Posted Wednesday, June 22, 2011 in Analysis

Safe as Houses: Banks offer $5 billion to make foreclosure cases go away

by Gina Hamilton

AUGUSTA -- The nation's largest banks floated a $5 billion deal to end the continuing probe by all 50 states' attorneys general into lending and loan servicing practices, including the now-infamous 'robosigning' of foreclosure documents.

To their credit, the attorneys general were not impressed by the offer, including Maine's AG Bill Schneider.  In an email exchange, Rep. Roberta Beaver (D-South Berwick) informs him of the offer:

Hi Bill,

Many Mainers across the state have let me know already this morning how infuriated they are when read this article in today's Wall Street Journal article. Banks Float $5 Billion Deal to End Foreclosure Probe - WSJ.com.

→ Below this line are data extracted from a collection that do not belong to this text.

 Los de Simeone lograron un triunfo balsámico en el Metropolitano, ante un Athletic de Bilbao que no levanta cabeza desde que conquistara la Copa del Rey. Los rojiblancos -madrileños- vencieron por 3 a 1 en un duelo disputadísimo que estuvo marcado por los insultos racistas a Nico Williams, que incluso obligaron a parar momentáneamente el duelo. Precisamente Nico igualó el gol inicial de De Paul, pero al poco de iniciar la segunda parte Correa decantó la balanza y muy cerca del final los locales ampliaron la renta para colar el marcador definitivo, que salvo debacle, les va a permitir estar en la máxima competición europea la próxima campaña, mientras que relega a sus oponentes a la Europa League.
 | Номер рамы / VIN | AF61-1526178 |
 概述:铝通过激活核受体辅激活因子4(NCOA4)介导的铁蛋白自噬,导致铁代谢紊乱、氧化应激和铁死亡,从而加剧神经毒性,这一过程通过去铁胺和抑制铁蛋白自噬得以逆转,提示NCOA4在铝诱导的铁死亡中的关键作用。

Since you are among the state Attorney Generals looking into this situation, I am asking you not accept this minimal amount to relieve the people and states who were terrorized by this egregious technique of making money and that you will convince the other state AG's not to accept this unconscionable offer. Some of the involved banks pay more than three times that amount in bonuses each year. Why are the banks even allowed to negotiate on this deal when they are guilty of extreme wrongdoing against the people of our nation? The banks should not be relieved of any of their responsibility. If anything, they should be charged an excess of the damage they caused, an excess of the $20 billion originally suggested.

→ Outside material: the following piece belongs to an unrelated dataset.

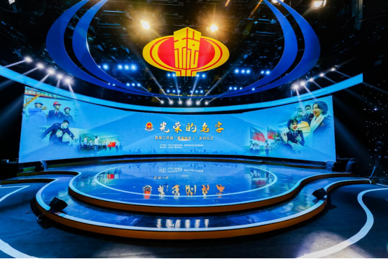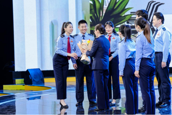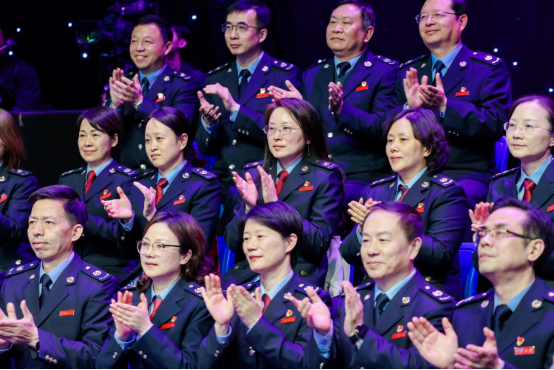 台上,灯光璀璨;台下,气氛热烈。一枚枚税徽在聚光灯下熠熠发光,一抹抹税务蓝在舞台中央绽放光彩。

We are all here in Augusta to protect the people of our great state. Please help us honor our oaths.

Thank you,

Bobbi Beavers

AG Schneider replied:

Hi, Bobbi!

Thank you very much for your email.  Linda Conti, my Consumer Protection Division Chief, has been helping me to follow this lawsuit closely.  We have not yet seen a proposal from the mortgage servicer defendants that would convince us that it is in the best interests of the people of Maine.  We will continue to be involved in the litigation as it proceeds.

Thanks for reaching out!

Bill

The amount is laughably small; some states and federal officials are demanding at least $20 billion to settle the outstanding claims.

Five of the largest banks were informed last month that they face liabilities of at least $17 billion in civil suits if they do not reach a settlement with aggrieved homeowners and state attorneys general.

The figure doesn’t cover additional billions of dollars in potential claims from federal agencies such as the Department of Housing and Urban Development and the Justice Department. State and federal officials haven’t proposed a specific comprehensive settlement figure, but last month's discussions represented the first effort to formally quantify potential liability.

Banks have argued that their problems are largely technical and that few if any borrowers have faced wrongful foreclosures. State and federal officials have faulted mortgage companies for not hiring enough staff to provide assistance to millions of borrowers that have fallen behind on their mortgages.